## What you should do
Write the entries out exactly. Any images they hold stay out of the copy.

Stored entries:
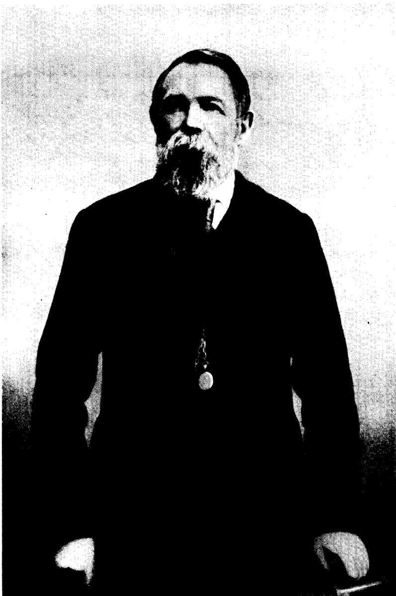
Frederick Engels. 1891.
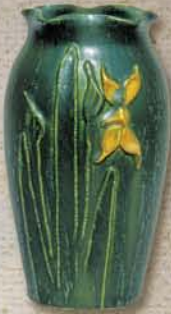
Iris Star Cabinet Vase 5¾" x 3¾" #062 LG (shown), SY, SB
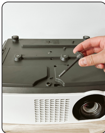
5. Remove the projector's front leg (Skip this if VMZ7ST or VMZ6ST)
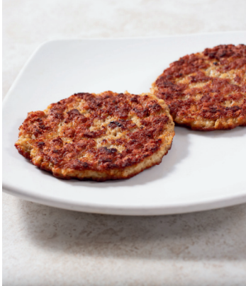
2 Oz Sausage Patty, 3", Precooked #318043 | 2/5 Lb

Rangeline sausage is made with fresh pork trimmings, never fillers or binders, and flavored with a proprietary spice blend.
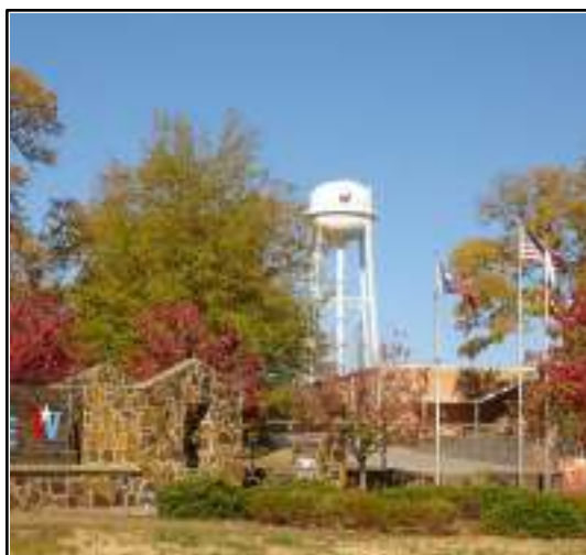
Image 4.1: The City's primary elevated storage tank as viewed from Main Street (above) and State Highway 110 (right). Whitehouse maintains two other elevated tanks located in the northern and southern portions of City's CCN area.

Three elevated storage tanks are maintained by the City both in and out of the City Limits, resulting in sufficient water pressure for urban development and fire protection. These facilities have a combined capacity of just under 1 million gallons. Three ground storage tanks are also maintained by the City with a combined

## Final answer
Frederick Engels. 1891.
Iris Star Cabinet Vase 5¾" x 3¾" #062 LG (shown), SY, SB
5. Remove the projector's front leg (Skip this if VMZ7ST or VMZ6ST)
2 Oz Sausage Patty, 3", Precooked #318043 | 2/5 Lb

Rangeline sausage is made with fresh pork trimmings, never fillers or binders, and flavored with a proprietary spice blend.
Image 4.1: The City's primary elevated storage tank as viewed from Main Street (above) and State Highway 110 (right). Whitehouse maintains two other elevated tanks located in the northern and southern portions of City's CCN area.

Three elevated storage tanks are maintained by the City both in and out of the City Limits, resulting in sufficient water pressure for urban development and fire protection. These facilities have a combined capacity of just under 1 million gallons. Three ground storage tanks are also maintained by the City with a combined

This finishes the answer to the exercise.